Does "Valkyrie" Cruise Along?


            Tom Cruise is on the move to resurrect his career. Funny, that the crowned King of Scientology needs to rise from the dead like a certain Christian deity that he has chosen to rebuke. The move for a career shake up should be obvious. First he dabbled in comedy by portraying an over-worked and over-weight movie producer in Ben Stiller’s summer comedy “Tropic Thunder”. For the first time in his career Tom asked us to laugh with him. The only time he’d ever asked us as fans to do that was when he played Austin Powers in the in-movie movie preview they showed during Austin Powers 3.

            Now, in “Valkyrie” Tom Cruise shifts us back to his dramatic side. His turn as real-life historical figure Colonel Claus von Stauffenberg is once again against the grain of Cruise’s past normalcy.  Cruise plays the part well enough, however the movie falls into a great many pit falls.

            First and most importantly, “Valkyrie” is supposed to take place in Adolf Hitler’s World War 2 Germany. Why, director Bryan Singer (“X-Men” and “Superman Returns”) decided to cast not only Cruise, but also a bevy of thick accented and recognizable Brits is beyond any all comprehension. In fact the only instance in the entire film when any actors (Including David Bamber as Hitler himself) even speak a hint of German- in the very opening of the movie, where Claus von Stauffenberg is writing an entry into his journal.  Normally, we go to films to escape reality- and therefore the fact that this movie isn’t exactly accurate shouldn’t bother you. However, this is a true story. Wouldn’t you think the director and those involved would want to stay as true to the source as possible?

            As stated, almost every actor besides Cruise will make you do a double take, and spend at least thirty seconds trying to decide what other movies you’ve seen them in. There’s Bill Nighy (“Pirates of the Caribbean” and “Underworld”), there is Kenneth Branagh (“Harry Potter”), Tom Wilkinson (“The Patriot”, “Batman Begins” and “Michael Clayton”), Terence Stamp (“Star Wars”), Kevin McNally (“Pirates of the Caribbean”) and even Tom Hollander (“Pirates of the Caribbean”) just to name a few. There are others!

It is the belief of this critic that “Valkyrie” would have been better portrayed as an indie-film using actual German actors speaking in German, with subtitles used at the bottom of the screen. The actors in this movie didn’t even look like they were German. I saw a better Hitler portrayed in “Indiana Jones and the Last Crusade”.

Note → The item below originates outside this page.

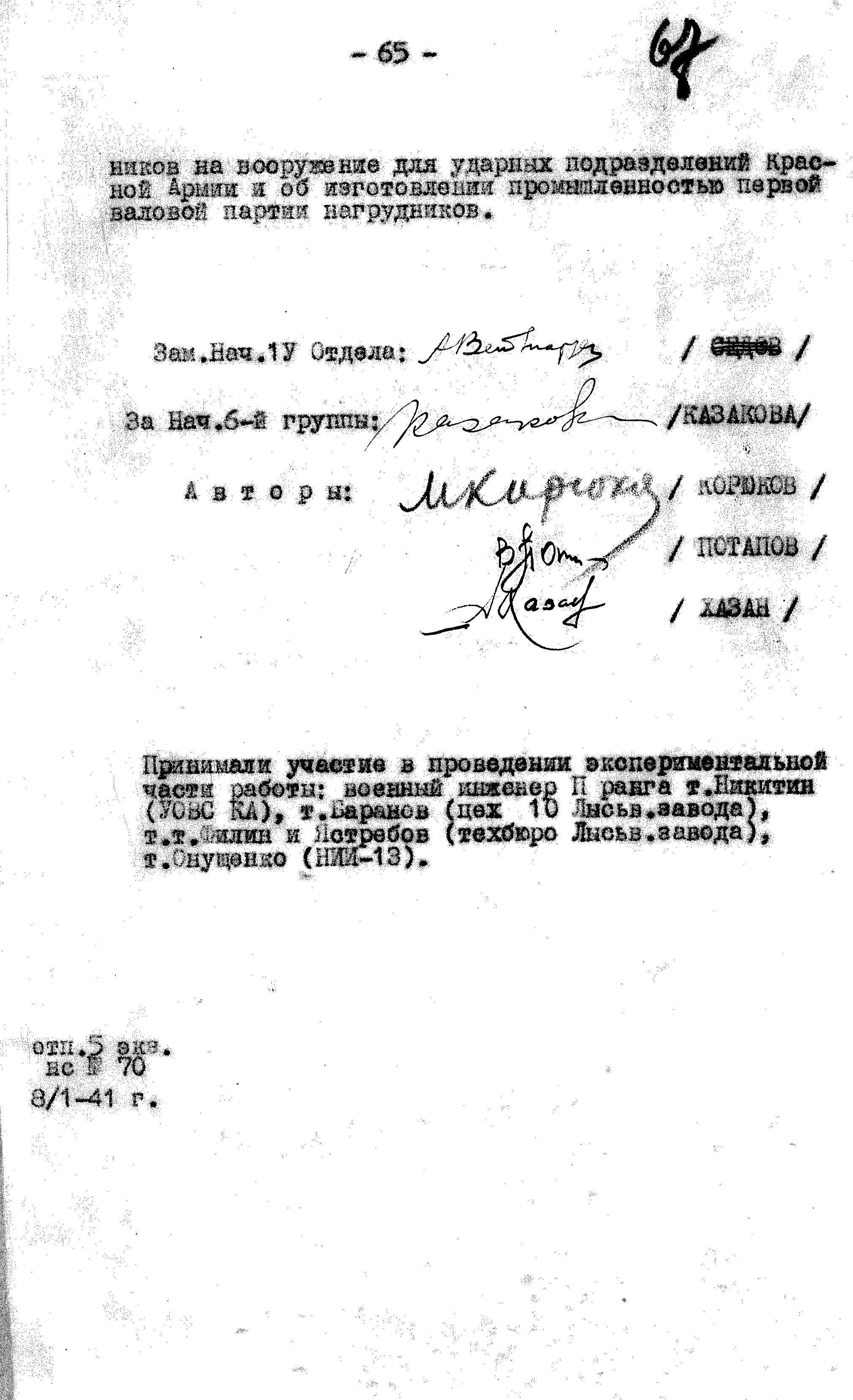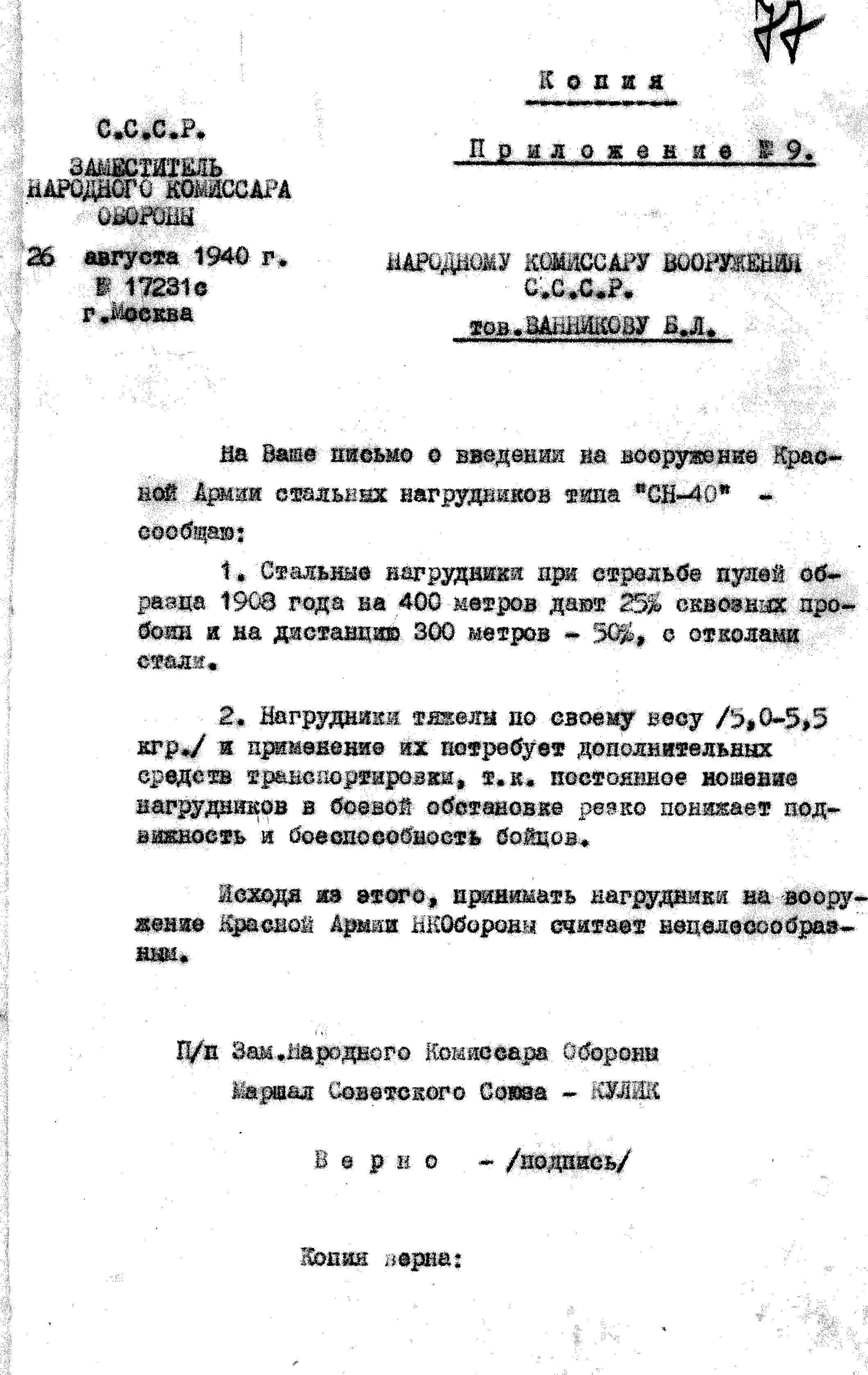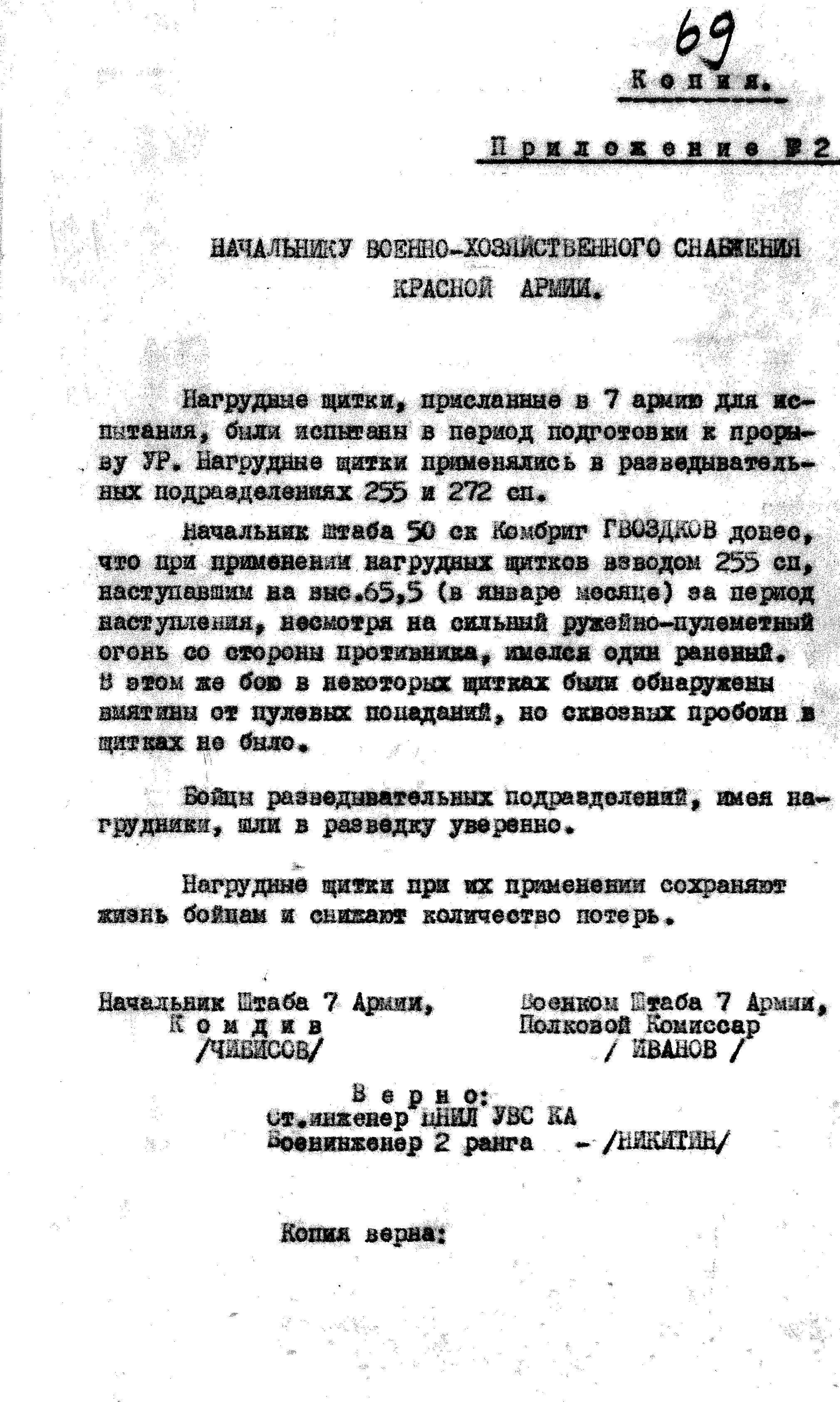 Результаты испытаний нагрудников в боевых условиях и отзывы о них Начальника и Военкома 7-ой армии, были доложены Народному Комиссару Вооружений т. ВАННИКОВУ и согласно его письма № 592с от 28/IV/ 1940 г. признана вполне удовлетворительными».

            The other pit fall the film has is that any movie that is historically accurate means that the audience, unless not educated in the event, already knows how it’s going to end. “Valkyrie” is a movie about one of the many assassination attempts on Adolf Hitler’s life. If you’ve been to school, or at least never have lived under a rock- than you know going into it, that Hitler was never assassinated. If you do that math- than all you really need to do is sit through the first three quarters of the film and then imagine the rest.

            All of that being said, there are some suspenseful scenes throughout the film, which for a film labeled as a suspense-drama, is a good thing. Also for me, admittedly though I knew the eventual outcome I was not fully aware of everything in between so the film did get a bit befuddling at times when they were throwing out names of new characters, or group planning together. It was a nice when they explained everything by going step by step through their master plan.

            “Valkryie” is a film that doesn’t have to be seen in theatres for a $10 price tag plus popcorn. It’s not the movie that is going resurrect Tom Cruise’s career. You’re not going to leave the theatre a changed person. You’re not going to ever have to see it again and again. You’re never going to need to own it in your personal collection and you might not even recommend it to friends. But if you’re a history buff, a war movie buff, or even if you’ve seen everything else and want to go catch another- “Valkryie” will entertain you. I supposed, in the end, that’s all you can really ask for from a film.